HOW TO COMPLETE THIS TASK
Go to the line with "Баку. 28 апреля." in the entries below and write out every line from there through the line with "Žaislinė kepsninė 53x36x63cm, šviesiai", exactly and without pictures.

-------- SOURCE DATA

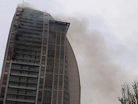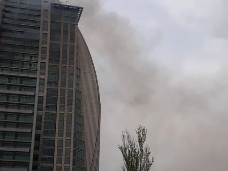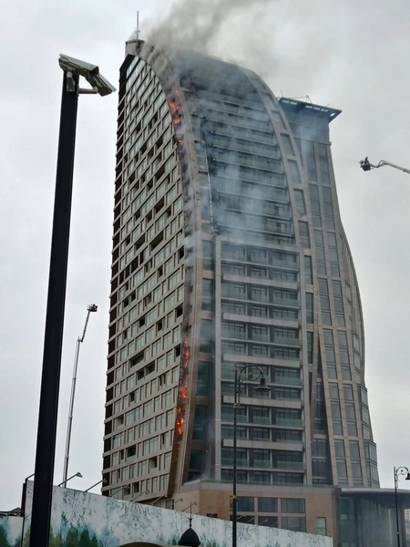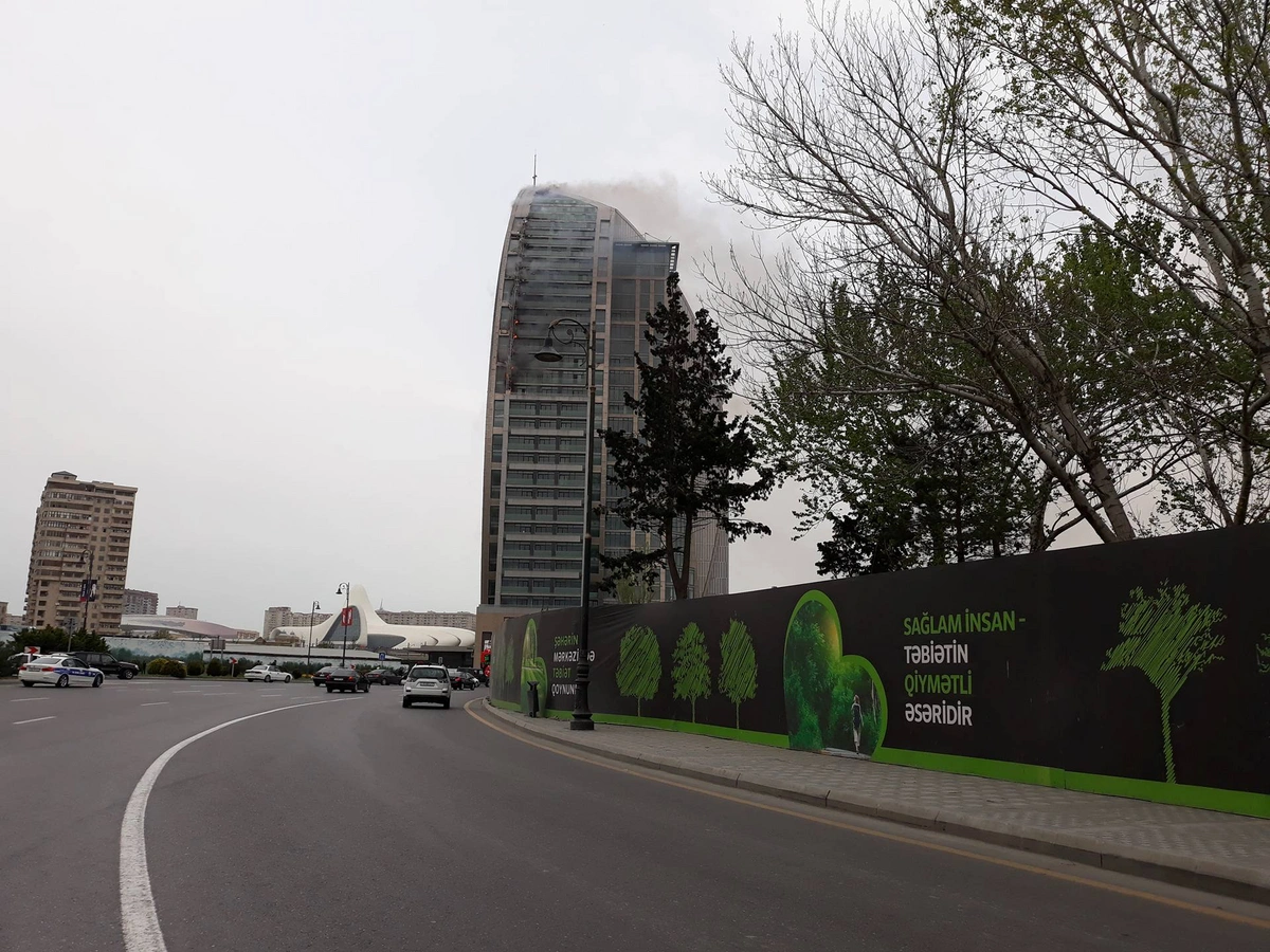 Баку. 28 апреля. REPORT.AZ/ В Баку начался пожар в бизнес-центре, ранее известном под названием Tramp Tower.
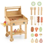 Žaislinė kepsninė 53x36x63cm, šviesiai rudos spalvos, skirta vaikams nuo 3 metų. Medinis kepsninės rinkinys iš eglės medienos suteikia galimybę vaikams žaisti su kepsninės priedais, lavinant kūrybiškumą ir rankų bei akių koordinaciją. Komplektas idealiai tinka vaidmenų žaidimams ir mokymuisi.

----------------
-------- SOURCE DATA

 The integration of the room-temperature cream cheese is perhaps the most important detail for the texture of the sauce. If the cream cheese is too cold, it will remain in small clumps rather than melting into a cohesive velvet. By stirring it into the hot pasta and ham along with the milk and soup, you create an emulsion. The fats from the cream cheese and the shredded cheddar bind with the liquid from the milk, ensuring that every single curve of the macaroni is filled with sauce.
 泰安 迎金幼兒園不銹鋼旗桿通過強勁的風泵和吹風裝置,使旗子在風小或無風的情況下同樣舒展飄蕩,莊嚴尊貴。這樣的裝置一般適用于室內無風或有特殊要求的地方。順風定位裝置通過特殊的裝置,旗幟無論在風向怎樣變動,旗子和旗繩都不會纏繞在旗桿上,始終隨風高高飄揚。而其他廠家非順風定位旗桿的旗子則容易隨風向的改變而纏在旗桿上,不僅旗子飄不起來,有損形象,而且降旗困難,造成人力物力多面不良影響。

----------------

TASK ANSWER
 Баку. 28 апреля. REPORT.AZ/ В Баку начался пожар в бизнес-центре, ранее известном под названием Tramp Tower.
 Žaislinė kepsninė 53x36x63cm, šviesiai rudos spalvos, skirta vaikams nuo 3 metų. Medinis kepsninės rinkinys iš eglės medienos suteikia galimybę vaikams žaisti su kepsninės priedais, lavinant kūrybiškumą ir rankų bei akių koordinaciją. Komplektas idealiai tinka vaidmenų žaidimams ir mokymuisi.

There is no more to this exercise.